Parfois, on grillait des sardines sur la braise, que l’on dévorait à pleines mains. Et dans chaque repas, parfois même en dehors, on croquait des olives aux douceurs tendres comme des friandises.
Le matin après le café accompagné de petits pains ronds dorés, la famille Rodrigues s’en allait au marché, dégustant çà et là des « maracujas » ou fruits de la passion, des figues fraîches. Les étales exposaient des draperies, des robes multicolores.
Des fleuristes proposaient des roses rouges, roses, des tulipes violettes et ces fameux œillets blancs, gloire du Portugal qui allaient se rougir du sang de leur victimes quelques années plus tard.
Souvent, au cœur de ce tumulte, quelques femmes, toute de noir vêtues, vendaient à la criée des poissons reluisants de fraîcheur.
Lors des après-midi juste après le repas, Manuel et Thérésa sirotaient leur porto puis s’étendaient à l’ombre d’un figuier pour une bonne sieste suivie d’une collation de fromage et de bière.
Un beau soir dans la tiédeur caressante du soleil couchant, alors que les enfants s’enivraient dans un profond sommeil, Manuel enfoncé dans sa chaise de paille, une bière à la main invita thérésa à s’asseoir près de lui.
-Thérésa, viens, il faut que je te parle.
Il posa sa casquette et se passa la main dans les cheveux, ses sourcils touffus se fronçaient sur ses yeux noirs profonds.

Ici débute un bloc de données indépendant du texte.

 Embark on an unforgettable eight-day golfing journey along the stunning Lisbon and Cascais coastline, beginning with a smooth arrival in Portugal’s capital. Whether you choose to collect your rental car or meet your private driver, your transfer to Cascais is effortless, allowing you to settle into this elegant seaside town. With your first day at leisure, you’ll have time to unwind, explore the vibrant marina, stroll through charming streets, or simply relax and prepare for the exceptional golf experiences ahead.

Les plis s’accentuaient sur sa face cuivrée, elle revêtait l’apparence de la solennité que l’on emploie pour parler des choses les plus graves.

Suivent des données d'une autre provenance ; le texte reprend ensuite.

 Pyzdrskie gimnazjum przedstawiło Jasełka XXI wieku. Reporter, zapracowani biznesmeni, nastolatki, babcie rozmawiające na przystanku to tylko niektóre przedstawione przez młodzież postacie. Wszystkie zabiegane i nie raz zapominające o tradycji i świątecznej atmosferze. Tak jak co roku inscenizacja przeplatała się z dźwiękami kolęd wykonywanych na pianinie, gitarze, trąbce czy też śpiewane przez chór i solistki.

-Ma Thésa, lui dit-il, adoucissant sa voix, bientôt, il va falloir que je retourne là-bas, et je ne veux plus te quitter, j’aimerais que tu viennes avec moi.
-Mais Manûlo, tu es fou, et les enfants je ne peux pas les laisser !
-Tu pourrais les laisser chez tes parents, ils les aiment tant, et puis ça ne durera que le temps de trouver un appartement plus grand, après on les fera venir.
-Non, je ne peux pas faire ça, ils me manqueraient trop, et tout le monde dirait que je suis une mauvaise mère qui abandonne ses enfants.
-Mais chérie ! Tu me manques, je gagne bien ma vie là-bas, nous trouverons vite un « chez-nous », je connais des H.L.M à Rennes, et ce que pensent les autres, moi j’men fous, termina t-il en durcissant le ton.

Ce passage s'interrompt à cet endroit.